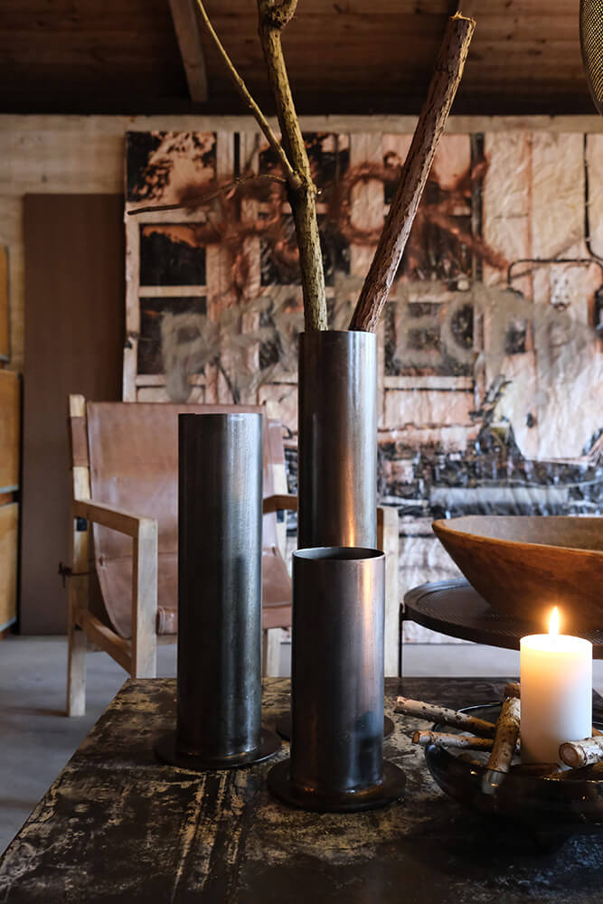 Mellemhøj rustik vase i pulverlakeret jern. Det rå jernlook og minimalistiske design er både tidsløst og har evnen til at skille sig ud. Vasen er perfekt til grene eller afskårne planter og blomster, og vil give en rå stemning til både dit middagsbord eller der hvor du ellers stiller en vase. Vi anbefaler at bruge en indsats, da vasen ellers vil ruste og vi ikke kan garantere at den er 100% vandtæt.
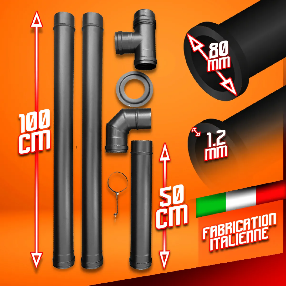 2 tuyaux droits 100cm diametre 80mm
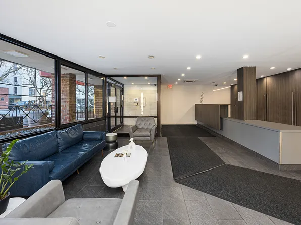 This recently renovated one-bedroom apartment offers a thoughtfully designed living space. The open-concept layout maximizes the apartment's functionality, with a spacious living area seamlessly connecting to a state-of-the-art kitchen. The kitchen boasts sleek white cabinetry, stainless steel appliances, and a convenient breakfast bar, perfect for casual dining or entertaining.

====================

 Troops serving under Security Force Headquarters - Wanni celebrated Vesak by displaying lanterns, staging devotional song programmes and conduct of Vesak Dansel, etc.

====================

◆ **Required action**: Only one stretch of the data is wanted: write out exactly the lines from the one holding "Mellemhøj rustik vase" through the one holding "This recently renovated", both included, without the pictures.

◆ **Output for this exercise**:
 Mellemhøj rustik vase i pulverlakeret jern. Det rå jernlook og minimalistiske design er både tidsløst og har evnen til at skille sig ud. Vasen er perfekt til grene eller afskårne planter og blomster, og vil give en rå stemning til både dit middagsbord eller der hvor du ellers stiller en vase. Vi anbefaler at bruge en indsats, da vasen ellers vil ruste og vi ikke kan garantere at den er 100% vandtæt.
 2 tuyaux droits 100cm diametre 80mm
 This recently renovated one-bedroom apartment offers a thoughtfully designed living space. The open-concept layout maximizes the apartment's functionality, with a spacious living area seamlessly connecting to a state-of-the-art kitchen. The kitchen boasts sleek white cabinetry, stainless steel appliances, and a convenient breakfast bar, perfect for casual dining or entertaining.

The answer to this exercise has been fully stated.